**THE TASK:** Your task is to repeat exactly the lines below between the line holding "Kleines Sandsteinrelief, Abbildung" and the line holding "王朝霞期末过课本——基础知识巩固练4 分式七年级下册数学(沪科版)", inclusive, and only those.

**AVAILABLE DATA:**
________

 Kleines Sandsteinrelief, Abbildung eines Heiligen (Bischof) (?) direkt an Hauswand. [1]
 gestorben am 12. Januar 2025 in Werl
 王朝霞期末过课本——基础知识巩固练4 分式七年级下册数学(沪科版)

________

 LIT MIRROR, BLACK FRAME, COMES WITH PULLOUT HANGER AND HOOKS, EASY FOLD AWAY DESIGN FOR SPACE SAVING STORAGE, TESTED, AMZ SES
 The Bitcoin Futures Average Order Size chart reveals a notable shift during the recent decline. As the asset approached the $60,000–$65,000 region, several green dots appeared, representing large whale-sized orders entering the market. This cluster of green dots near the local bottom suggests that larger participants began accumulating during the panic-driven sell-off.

________

**RESPONSE BOX:**
 Kleines Sandsteinrelief, Abbildung eines Heiligen (Bischof) (?) direkt an Hauswand. [1]
 gestorben am 12. Januar 2025 in Werl
 王朝霞期末过课本——基础知识巩固练4 分式七年级下册数学(沪科版)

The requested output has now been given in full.